Hooshmand Somayeh, Ghaderi Abbas, Yusoff Khatijah, Thilakavathy Karuppiah, Rosli Rozita, Mojtahedi Zahra
Department of Obstetrics and Gynaecology, Faculty of Medicine and Health Sciences, Universiti Putra Malaysia, Selangor, Malaysia E-mail :
Asian Pac J Cancer Prev. 2014;15(7):3311-7. doi: 10.7314/apjcp.2014.15.7.3311.
The consequence of Rho GDP dissociation inhibitor alpha (RhoGDIα) activity on migration and invasion of estrogen receptor positive (ER+) and negative (ER-) breast cancer cells has not been studied using the proteomic approach. Changes in expression of RhoGDIα and other proteins interacting directly or indirectly with RhoGDIα in MCF7 and MDA-MB-231, with different metastatic potentials is of particular interest.
ER+ MCF7 and ER- MDA-MB-231 cell lines were subjected to two-dimensional electrophoresis (2-DE) and spots of interest were identified by matrix-assisted laser desorption/ionization time of- flight/time- of-flight (MALDI-TOF/TOF) mass spectrometry (MS) analysis after downregulation of RhoGDIα using short interfering RNA (siRNA) and upregulated using GFP-tagged ORF clone of RhoGDIα.

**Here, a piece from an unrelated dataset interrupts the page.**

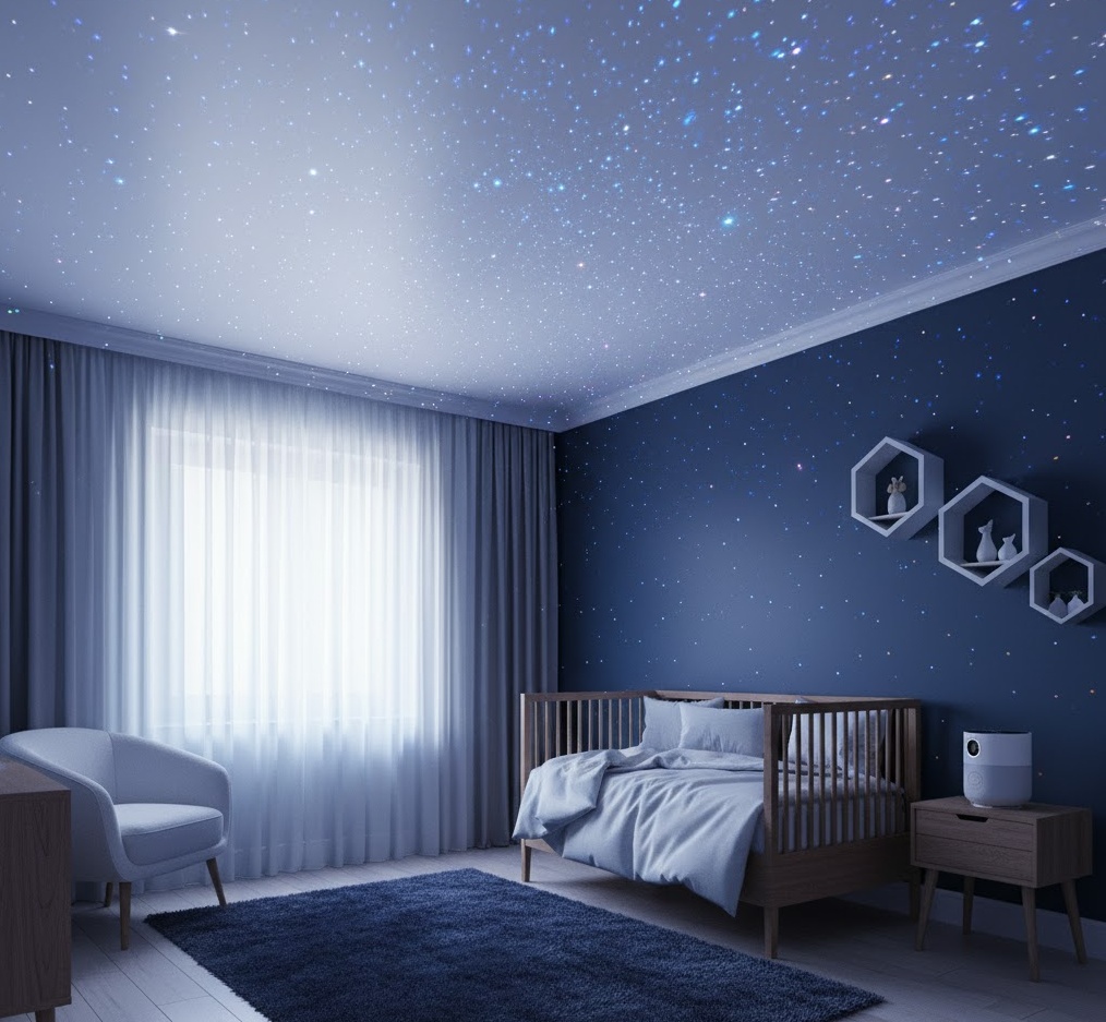 Transform the nursery ceiling into a captivating celestial display with starry night projector lighting, perfect for soothing babies to sleep. These innovative nursery lighting ideas project constellations, nebulae, or moon phases onto walls and ceilings, creating an immersive and magical environment. Often featuring LED technology, they can cycle through various colours and patterns, offering a dynamic visual experience. The mood is enchanting and calming, providing a gentle distraction and a sense of wonder. Functionally, these projectors serve as an excellent night light, helping to establish a peaceful bedtime routine and making the nursery a truly special place.
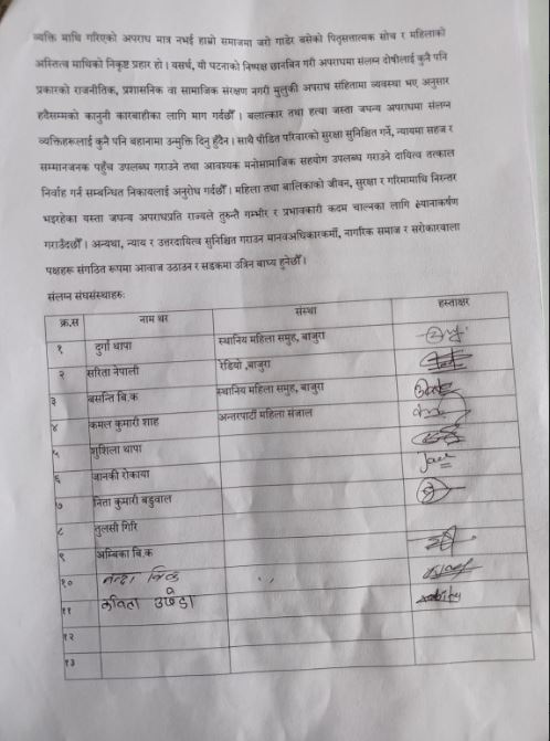 बर्षेनी महिला र बालिका माथि हुने यौनजन्य घटना विकराल बन्दै गएकोले यस्ता घटनाको सत्यतथ्य छानवीन गरि दोषीलाई कडा भन्दा कडा कारवाही गर्न माग समेत गरिएको छ ।

The results showed a total of 35 proteins that were either up- or down-regulated in these cells. Here we identifed 9 and 15 proteins differentially expressed with silencing of RhoGDIα in MCF-7 and the MDA-MB-231 cells, respectively. In addition, 10 proteins were differentially expressed in the upregulation of RhoGDIα in MCF7, while only one protein was identified in the upregulation of RhoGDIα in MDA-MB-231. Based on the biological functions of these proteins, the results revealed that proteins involved in cell migration are more strongly altered with RhoGDI-α activity. Although several of these proteins have been previously indicated in tumorigenesis and invasiveness of breast cancer cells, some ohave not been previously reported to be involved in breast cancer migration. Hence, these proteins may serve as useful candidate biomarkers for tumorigenesis and invasiveness of breast cancer cells.
Future studies are needed to determine the mechanisms by which these proteins regulate cell migration. The combination of RhoGDIα with other potential biomarkers may be a more promising approach in the inhibition of breast cancer cell migration.
尚未使用蛋白质组学方法研究Rho GDP解离抑制剂α(RhoGDIα)活性对雌激素受体阳性(ER +)和阴性(ER -)乳腺癌细胞迁移和侵袭的影响。RhoGDIα以及其他与RhoGDIα直接或间接相互作用的蛋白质在具有不同转移潜能的MCF7和MDA-MB-231细胞中的表达变化尤其令人关注。
ER + MCF7和ER - MDA-MB-231细胞系进行二维电泳(2-DE),使用短干扰RNA(siRNA)下调RhoGDIα并使用RhoGDIα的绿色荧光蛋白标记的开放阅读框(ORF)克隆上调后,通过基质辅助激光解吸/电离飞行时间/飞行时间(MALDI-TOF/TOF)质谱(MS)分析鉴定感兴趣的斑点。
结果显示这些细胞中共有35种蛋白质上调或下调。在这里,我们分别在MCF-7和MDA-MB-231细胞中鉴定出9种和15种随着RhoGDIα沉默而差异表达的蛋白质。此外,在MCF7中RhoGDIα上调时有10种蛋白质差异表达,而在MDA-MB-231中RhoGDIα上调时仅鉴定出一种蛋白质。基于这些蛋白质的生物学功能,结果表明参与细胞迁移的蛋白质受RhoGDI-α活性的影响更大。虽然这些蛋白质中的几种先前已被指出与乳腺癌细胞的肿瘤发生和侵袭有关,但有些以前尚未报道参与乳腺癌迁移。因此,这些蛋白质可能是乳腺癌细胞肿瘤发生和侵袭的有用候选生物标志物。
需要进一步的研究来确定这些蛋白质调节细胞迁移的机制。RhoGDIα与其他潜在生物标志物的联合应用可能是抑制乳腺癌细胞迁移更有前景的方法。